Data records:

• • •

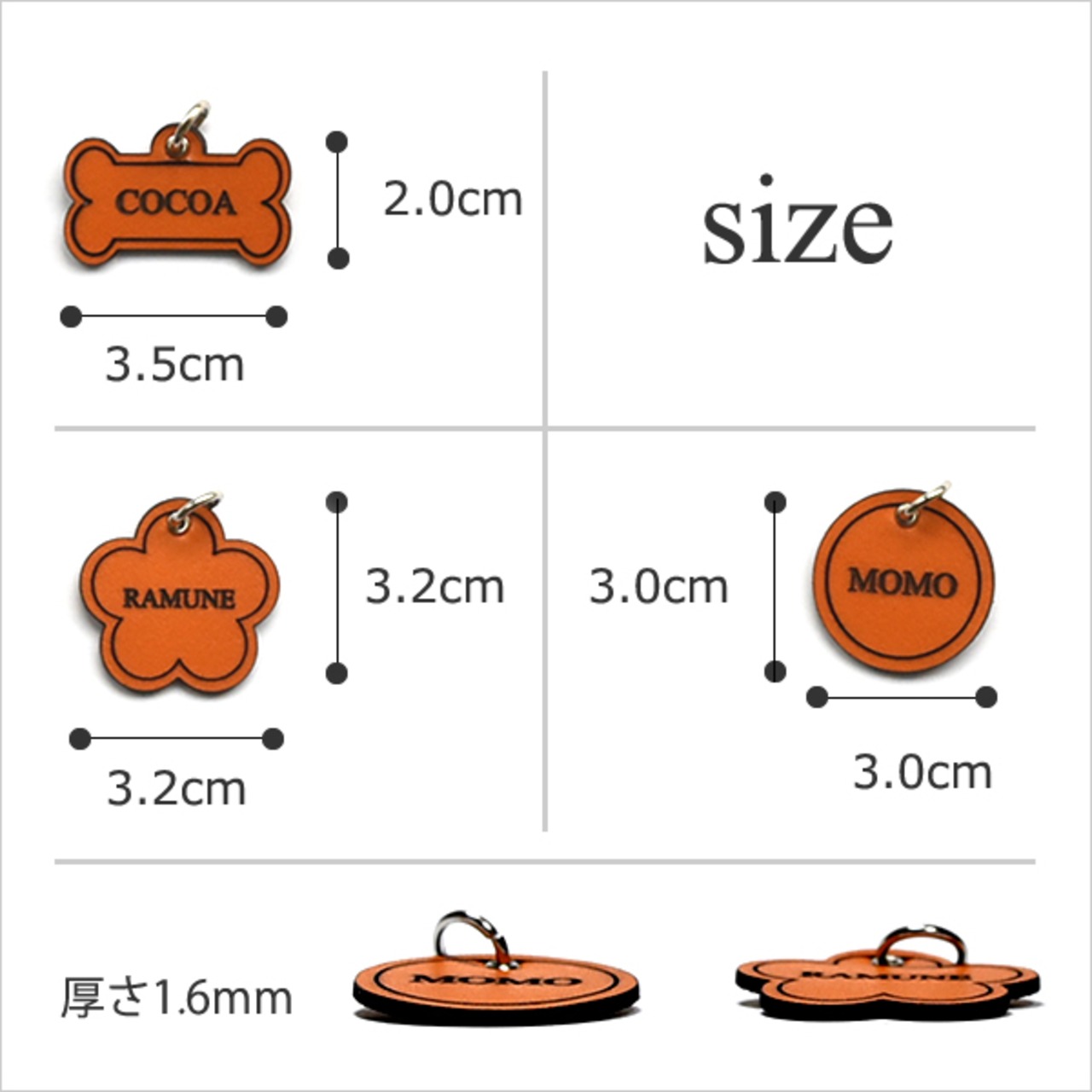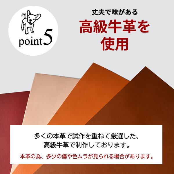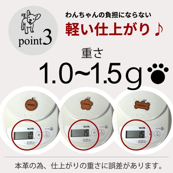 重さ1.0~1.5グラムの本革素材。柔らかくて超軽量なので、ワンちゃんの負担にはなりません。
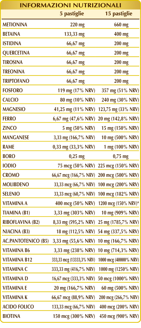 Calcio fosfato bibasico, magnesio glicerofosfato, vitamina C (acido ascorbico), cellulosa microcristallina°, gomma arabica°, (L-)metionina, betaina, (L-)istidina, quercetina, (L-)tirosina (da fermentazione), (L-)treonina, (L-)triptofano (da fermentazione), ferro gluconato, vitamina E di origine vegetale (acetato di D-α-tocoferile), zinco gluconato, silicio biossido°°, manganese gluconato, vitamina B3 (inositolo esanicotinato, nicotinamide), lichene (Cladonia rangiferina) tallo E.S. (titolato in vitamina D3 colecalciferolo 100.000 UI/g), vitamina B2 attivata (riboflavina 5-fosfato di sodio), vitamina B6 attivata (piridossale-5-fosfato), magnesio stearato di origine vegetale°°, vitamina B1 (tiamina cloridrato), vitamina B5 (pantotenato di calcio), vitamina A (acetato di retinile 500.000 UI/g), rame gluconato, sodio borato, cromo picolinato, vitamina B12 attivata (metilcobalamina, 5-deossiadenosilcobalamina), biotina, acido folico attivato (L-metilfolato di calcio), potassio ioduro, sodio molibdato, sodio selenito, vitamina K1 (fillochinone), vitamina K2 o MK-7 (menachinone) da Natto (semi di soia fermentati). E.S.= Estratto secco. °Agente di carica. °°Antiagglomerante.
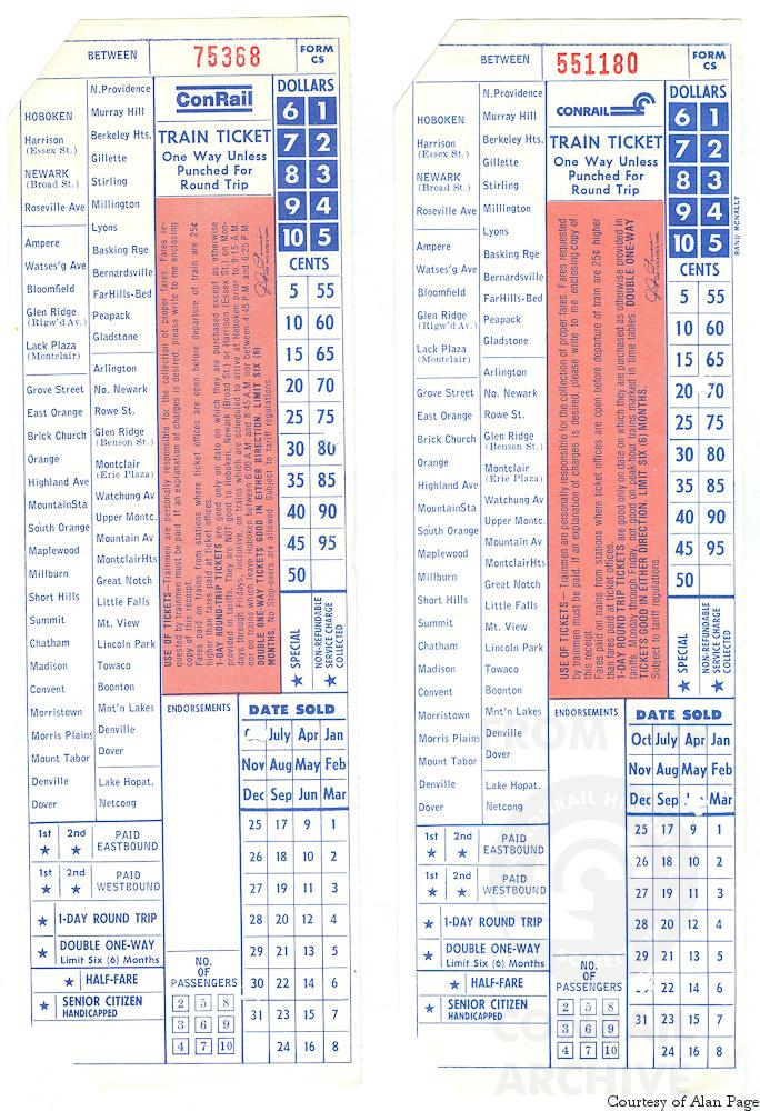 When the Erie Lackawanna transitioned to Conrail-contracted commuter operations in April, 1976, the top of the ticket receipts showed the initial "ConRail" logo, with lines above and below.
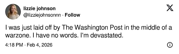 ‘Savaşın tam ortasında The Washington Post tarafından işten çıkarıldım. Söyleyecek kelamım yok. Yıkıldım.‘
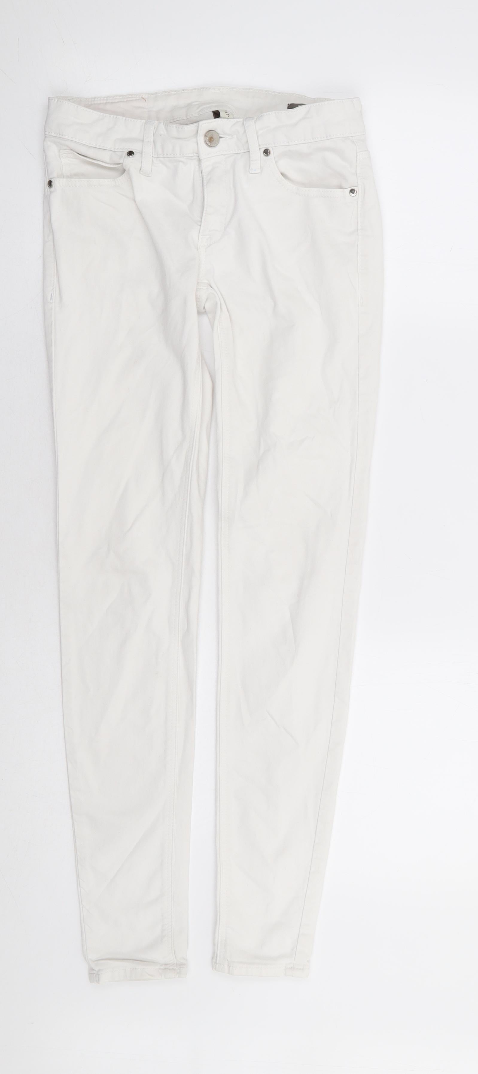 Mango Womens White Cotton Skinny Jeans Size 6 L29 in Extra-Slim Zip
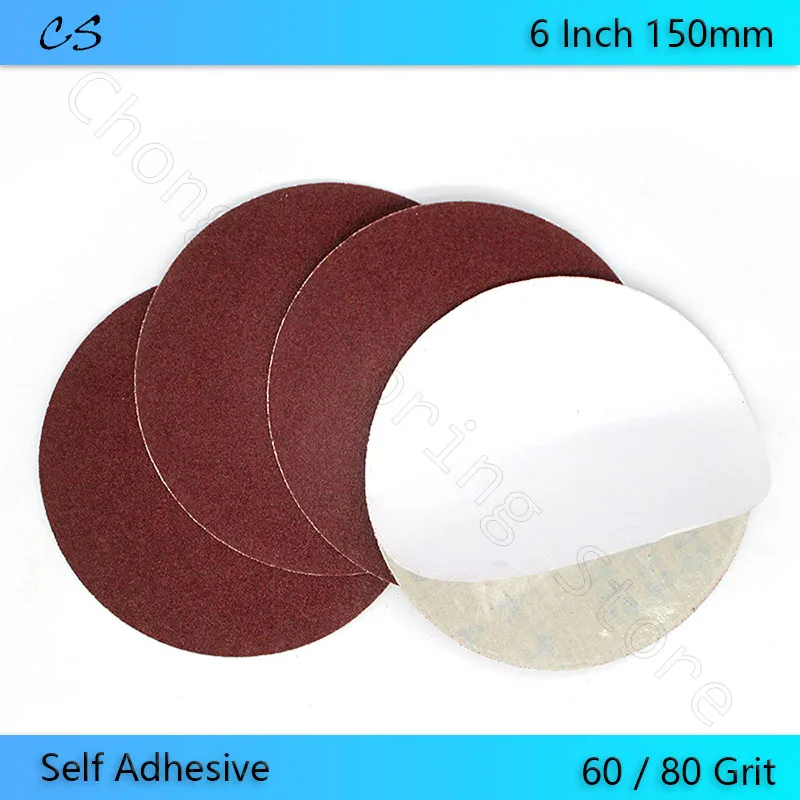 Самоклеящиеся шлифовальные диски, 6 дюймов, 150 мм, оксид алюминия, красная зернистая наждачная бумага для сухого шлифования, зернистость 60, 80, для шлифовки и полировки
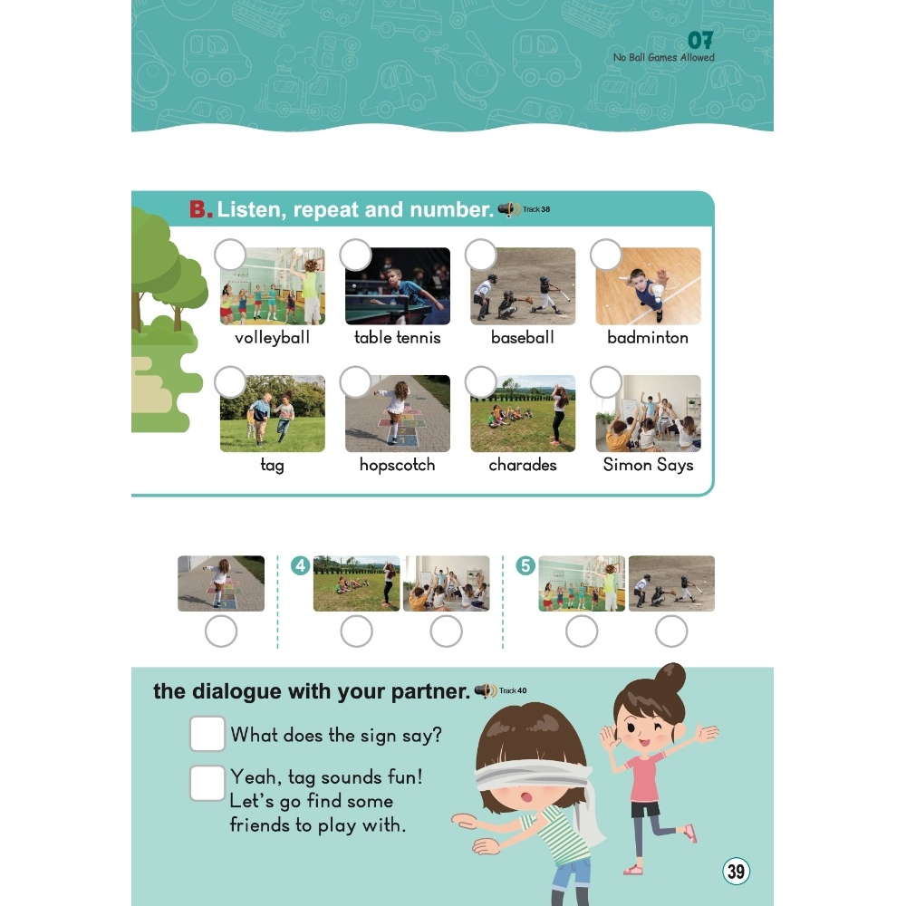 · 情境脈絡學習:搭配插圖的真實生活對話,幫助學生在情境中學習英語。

• • •

Task prompt:
This exercise needs every entry retyped exactly, with the pictures removed.

Output of the exercise:
 重さ1.0~1.5グラムの本革素材。柔らかくて超軽量なので、ワンちゃんの負担にはなりません。
 Calcio fosfato bibasico, magnesio glicerofosfato, vitamina C (acido ascorbico), cellulosa microcristallina°, gomma arabica°, (L-)metionina, betaina, (L-)istidina, quercetina, (L-)tirosina (da fermentazione), (L-)treonina, (L-)triptofano (da fermentazione), ferro gluconato, vitamina E di origine vegetale (acetato di D-α-tocoferile), zinco gluconato, silicio biossido°°, manganese gluconato, vitamina B3 (inositolo esanicotinato, nicotinamide), lichene (Cladonia rangiferina) tallo E.S. (titolato in vitamina D3 colecalciferolo 100.000 UI/g), vitamina B2 attivata (riboflavina 5-fosfato di sodio), vitamina B6 attivata (piridossale-5-fosfato), magnesio stearato di origine vegetale°°, vitamina B1 (tiamina cloridrato), vitamina B5 (pantotenato di calcio), vitamina A (acetato di retinile 500.000 UI/g), rame gluconato, sodio borato, cromo picolinato, vitamina B12 attivata (metilcobalamina, 5-deossiadenosilcobalamina), biotina, acido folico attivato (L-metilfolato di calcio), potassio ioduro, sodio molibdato, sodio selenito, vitamina K1 (fillochinone), vitamina K2 o MK-7 (menachinone) da Natto (semi di soia fermentati). E.S.= Estratto secco. °Agente di carica. °°Antiagglomerante.
 When the Erie Lackawanna transitioned to Conrail-contracted commuter operations in April, 1976, the top of the ticket receipts showed the initial "ConRail" logo, with lines above and below.
 ‘Savaşın tam ortasında The Washington Post tarafından işten çıkarıldım. Söyleyecek kelamım yok. Yıkıldım.‘
 Mango Womens White Cotton Skinny Jeans Size 6 L29 in Extra-Slim Zip
 Самоклеящиеся шлифовальные диски, 6 дюймов, 150 мм, оксид алюминия, красная зернистая наждачная бумага для сухого шлифования, зернистость 60, 80, для шлифовки и полировки
 · 情境脈絡學習:搭配插圖的真實生活對話,幫助學生在情境中學習英語。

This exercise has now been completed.